§ Work item: Copy, word for word, the lines below from the one containing "den Körpermaßen, EW/F/KH-Verhältnisse." up to and including the one containing "Ketua pelaksana Kelompok", with pictures left out.

§ Data for the task:
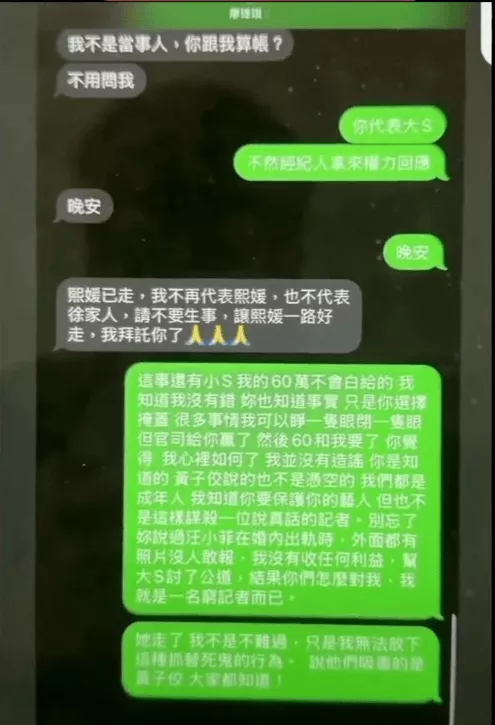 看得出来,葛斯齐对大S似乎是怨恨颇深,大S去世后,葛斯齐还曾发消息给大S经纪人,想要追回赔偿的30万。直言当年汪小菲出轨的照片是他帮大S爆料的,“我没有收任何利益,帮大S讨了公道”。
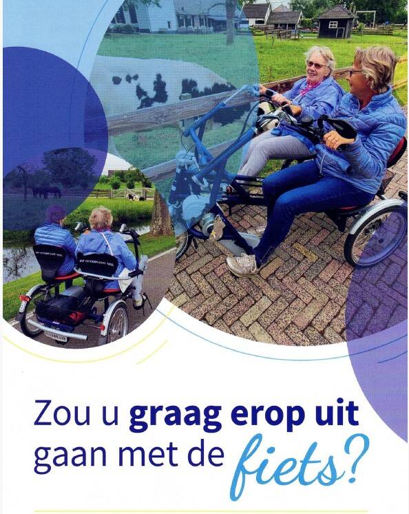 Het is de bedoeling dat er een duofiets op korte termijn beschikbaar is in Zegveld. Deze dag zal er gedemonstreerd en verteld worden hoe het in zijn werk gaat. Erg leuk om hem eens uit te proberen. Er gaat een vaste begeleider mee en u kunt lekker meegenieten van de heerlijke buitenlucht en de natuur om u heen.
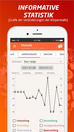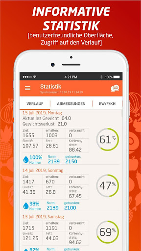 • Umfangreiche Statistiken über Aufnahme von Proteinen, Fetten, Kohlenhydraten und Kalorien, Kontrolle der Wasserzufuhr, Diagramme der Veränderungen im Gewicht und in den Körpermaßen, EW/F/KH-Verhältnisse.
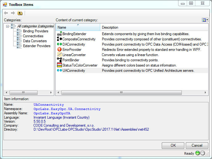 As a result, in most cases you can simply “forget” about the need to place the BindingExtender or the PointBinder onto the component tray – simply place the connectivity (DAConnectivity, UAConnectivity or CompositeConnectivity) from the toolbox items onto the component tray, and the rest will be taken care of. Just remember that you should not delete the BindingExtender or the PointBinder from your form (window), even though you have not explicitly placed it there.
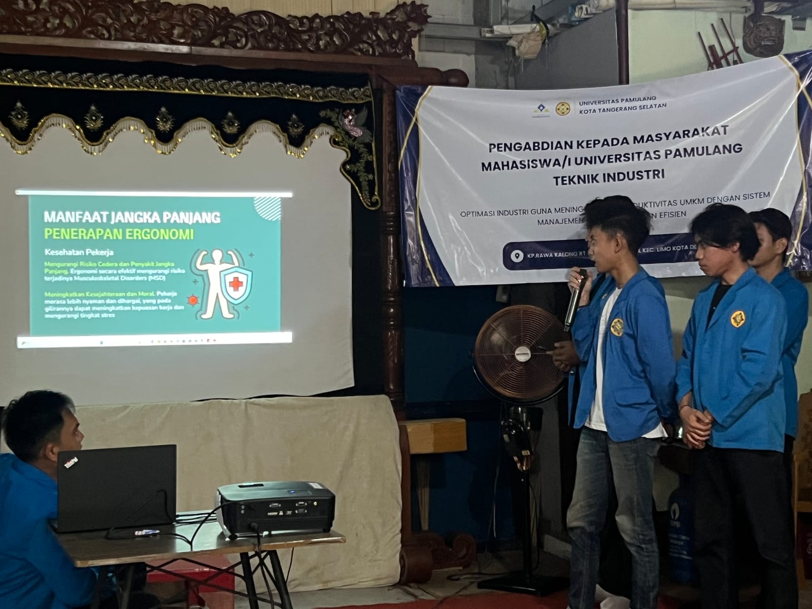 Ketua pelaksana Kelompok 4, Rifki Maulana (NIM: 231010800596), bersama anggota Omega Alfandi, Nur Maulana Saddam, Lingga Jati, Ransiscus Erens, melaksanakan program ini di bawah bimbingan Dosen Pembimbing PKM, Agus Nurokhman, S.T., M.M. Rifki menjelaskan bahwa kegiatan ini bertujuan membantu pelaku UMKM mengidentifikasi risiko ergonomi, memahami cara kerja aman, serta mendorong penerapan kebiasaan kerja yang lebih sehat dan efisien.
* * *
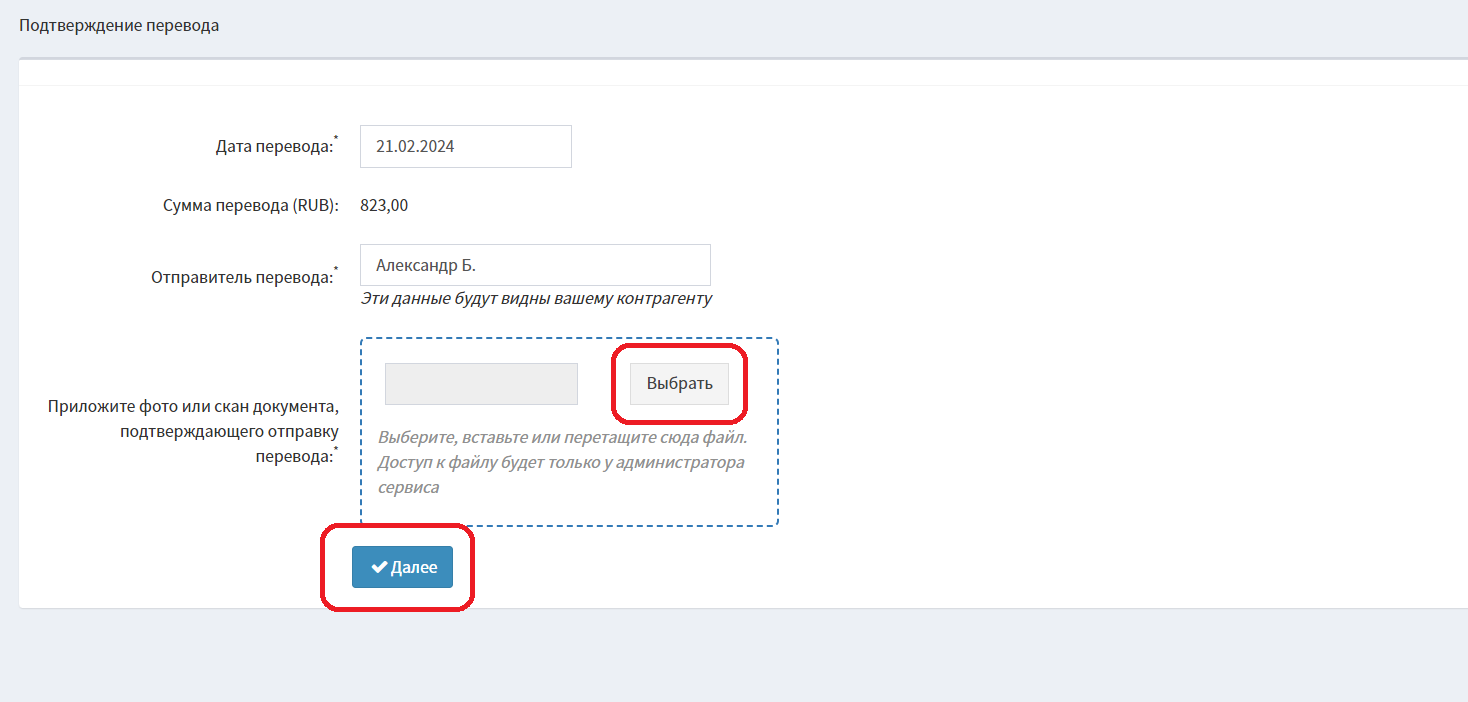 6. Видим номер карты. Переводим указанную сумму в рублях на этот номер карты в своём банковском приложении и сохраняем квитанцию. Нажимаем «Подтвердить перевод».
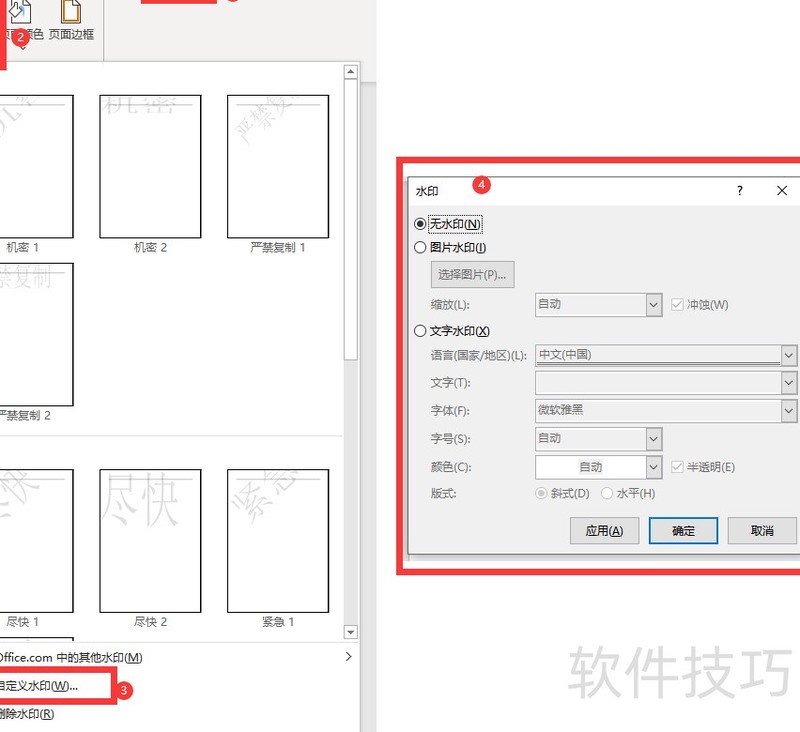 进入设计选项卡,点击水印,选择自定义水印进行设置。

§ Answer to the problem:
 • Umfangreiche Statistiken über Aufnahme von Proteinen, Fetten, Kohlenhydraten und Kalorien, Kontrolle der Wasserzufuhr, Diagramme der Veränderungen im Gewicht und in den Körpermaßen, EW/F/KH-Verhältnisse.
 As a result, in most cases you can simply “forget” about the need to place the BindingExtender or the PointBinder onto the component tray – simply place the connectivity (DAConnectivity, UAConnectivity or CompositeConnectivity) from the toolbox items onto the component tray, and the rest will be taken care of. Just remember that you should not delete the BindingExtender or the PointBinder from your form (window), even though you have not explicitly placed it there.
 Ketua pelaksana Kelompok 4, Rifki Maulana (NIM: 231010800596), bersama anggota Omega Alfandi, Nur Maulana Saddam, Lingga Jati, Ransiscus Erens, melaksanakan program ini di bawah bimbingan Dosen Pembimbing PKM, Agus Nurokhman, S.T., M.M. Rifki menjelaskan bahwa kegiatan ini bertujuan membantu pelaku UMKM mengidentifikasi risiko ergonomi, memahami cara kerja aman, serta mendorong penerapan kebiasaan kerja yang lebih sehat dan efisien.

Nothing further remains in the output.